Dari situ kami tau, Bangunan ini juga dikenal dengan sebutan Vihara Hoo An Kiong. Meski cadel berbahasa indonesia bercampur dialek tionghoa, namun dia masih lincah menjelaskan arti lukisan yang terpahat di pualam dinding masuk vihara. Di dinding yang kokoh ini ternyata mengungkap 24 kisah Murid agung yang banyak mengajarkan kebijaksanaan.
Saya cukup puas berjalan jalan di luar bangunan utama, terus terang saya sangat sungkan masuk ke ruang sembahyang. Namun Paman penjaga tadi malah mengatakan, “kalau mau masuk luang sembayang juga boleh” katanya. “Yang penting hati belsih, niatnya juga belsih”. Wah kebetulan, saya akhirnya masuk.
Sang paman menceritakan tentang dewa-dewa yang disembayangi oleh pengunjung yang datang dari berbagai daerah. Ada Dewi Kwan inn, dan beberapa dewa dewa populer lainnya. Terus terang saya khawatir salah menyebutkan nama dewa dan posisi pentingnya. Yang jelas banyak menyebut kemakmuran, kesejahteraan, kesehatan, keberuntungan dan terhalau mara bahaya.

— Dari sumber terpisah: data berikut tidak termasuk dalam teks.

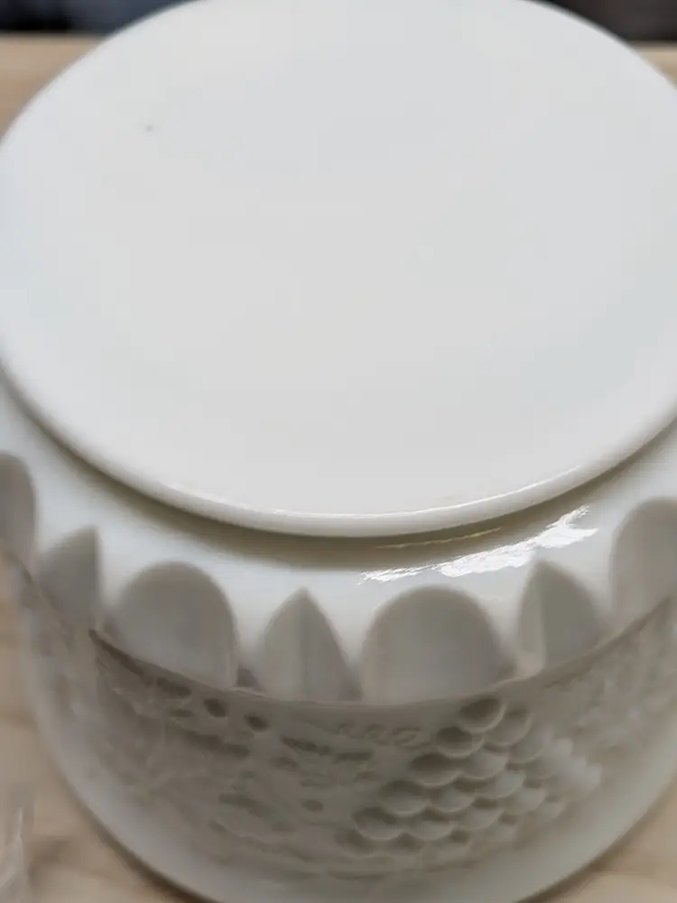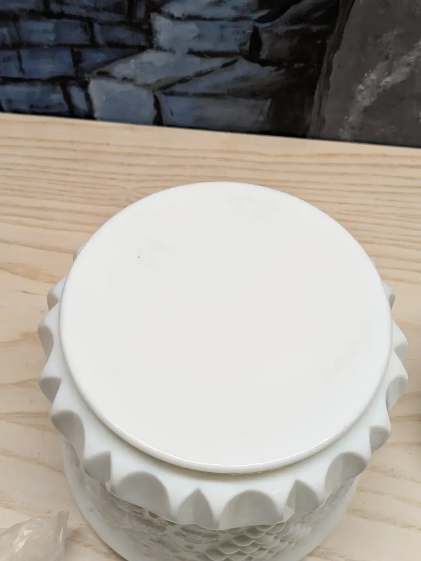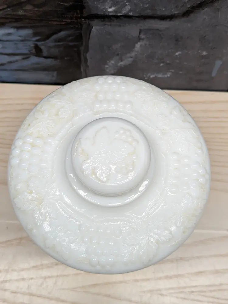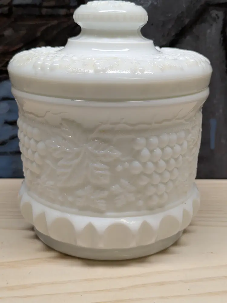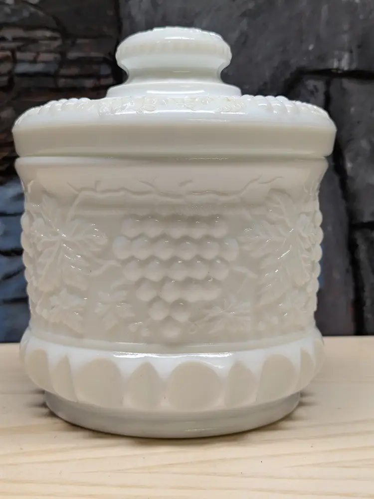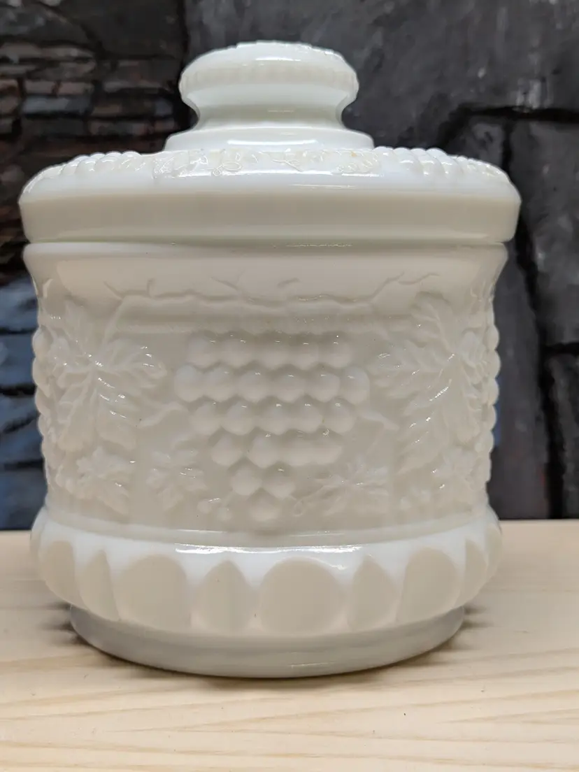 Fenton Art Glass Milk Glass Grape & Cable Tobacco Jar Humidor. Can be use as a cookie, candy or biscuit Jar .This Jar measures 7" tall and 6' wide Perfect for the retro Grandma kitchen. Great condition Clean with no damage.no chips or cracks no weird smells. Please check the photos for details. Comes from a smoke free home. We do have pets.

Tiap pengunjung yang datang, membakar lidi doa, lalu melakukan ritual tertentu, baru kemudian menancapkan lidinya kedepan dewa/dewi yang dimaksudnya.
Tapi yang paling teringat satu dewa utama di kelenteng ini, Namanya Tua Pek Kong. Tidak boleh ditunjuk, cukup disebut saja namanya. Tidak boleh difoto, atau dia dan empat prajuritnya akan mengikuti kita kemanapun pergi, digerayangi sampai mimpi. Hih…
Tua Pek Kong, paling sering disebut disini. Selain karna rumah peribadatan ini awalnya memang didirikan untuk menghormati dewa ini, posisinya sebagai dewa bumi yang membagi kemakmuran dan keselamatan memang cocok dengan permohonan paling banyak dipanjatkan etnis Tionghoa.
Tua pek kong tersakti justru bukan yang terbesar di klenteng ini. Tapi yang kecil, berwarna hitam, yang entah terbuat dari logam atau kayu dibawahnya. Berusia lebih dari 150 tahun dibawa oleh leluhur pengelana pertama dari daratan China.
Satu lagi, Tua Pek Kong ini bisa menjawab segala pertanyaan. Caranya Bakar lidi sembayang, hadapkan lidi ke Tua Pek kong sambil menanyakan satu hal yang ingin diketahui. Tancapkan lidi ambil semacam stik yang berisi tulisan, paman penjaga akan membacakan jawaban pertanyaan mu.
Sayangnya tak ada pengunjung yang sedang mempraktekan itu, Padahal saya ingin tau. si Paman menawarkan kepada kami. “Mau tanya apa saja boleh”, meski ingin melihat tapi saya menggeleng yakin. Dalam Islam nanya nanya dengan yang beginian akan membuat saya berurusan dengan urusan berat di akhirat.
Arsitekturnya memang terasa tua, dan sangat orintal. Aroma dupa dan lidi doa yang dibakar memenuhi ruangan. Jika lilin harapan dihidupkan maka teranglah kesejahteraan untuk sang pendoa.